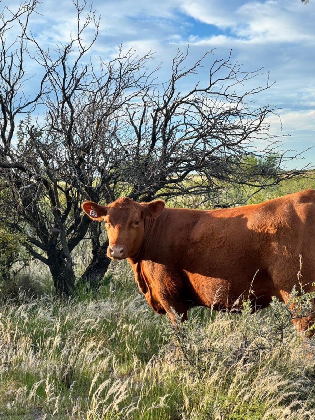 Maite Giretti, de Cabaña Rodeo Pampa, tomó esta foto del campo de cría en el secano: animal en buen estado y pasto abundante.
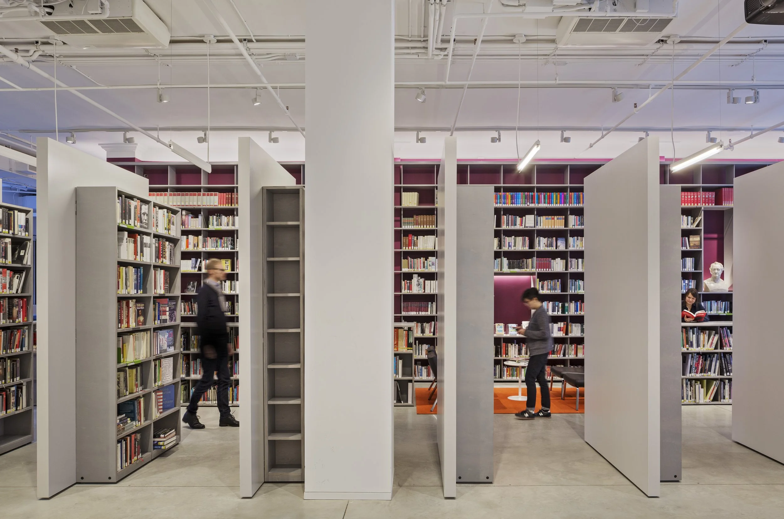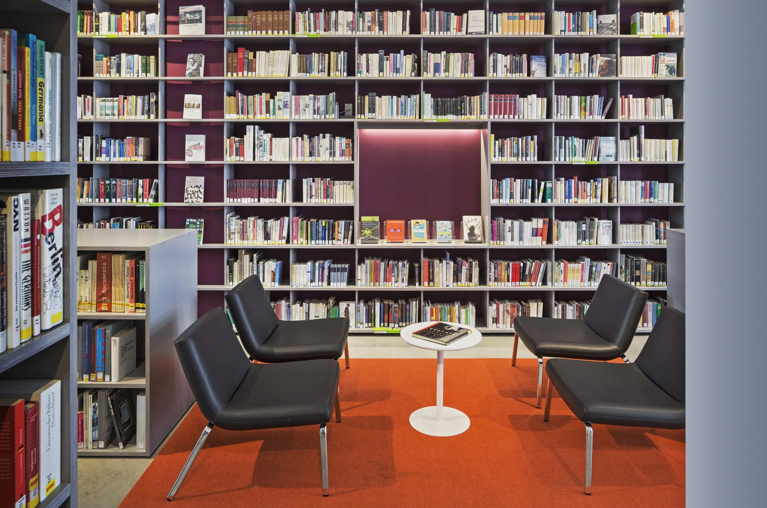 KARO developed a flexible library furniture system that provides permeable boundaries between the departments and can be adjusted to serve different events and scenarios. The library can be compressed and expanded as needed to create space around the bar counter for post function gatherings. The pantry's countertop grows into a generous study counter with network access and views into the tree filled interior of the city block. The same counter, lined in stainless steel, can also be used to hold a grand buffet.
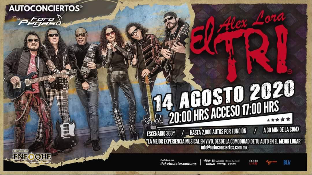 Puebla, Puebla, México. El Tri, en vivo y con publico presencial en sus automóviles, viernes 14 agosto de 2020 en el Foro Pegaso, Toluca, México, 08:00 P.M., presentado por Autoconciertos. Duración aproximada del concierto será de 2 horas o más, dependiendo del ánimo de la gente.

********

Repeat the data in full and exactly. Omit pictures.

→ Expected answer
 Maite Giretti, de Cabaña Rodeo Pampa, tomó esta foto del campo de cría en el secano: animal en buen estado y pasto abundante.
 KARO developed a flexible library furniture system that provides permeable boundaries between the departments and can be adjusted to serve different events and scenarios. The library can be compressed and expanded as needed to create space around the bar counter for post function gatherings. The pantry's countertop grows into a generous study counter with network access and views into the tree filled interior of the city block. The same counter, lined in stainless steel, can also be used to hold a grand buffet.
 Puebla, Puebla, México. El Tri, en vivo y con publico presencial en sus automóviles, viernes 14 agosto de 2020 en el Foro Pegaso, Toluca, México, 08:00 P.M., presentado por Autoconciertos. Duración aproximada del concierto será de 2 horas o más, dependiendo del ánimo de la gente.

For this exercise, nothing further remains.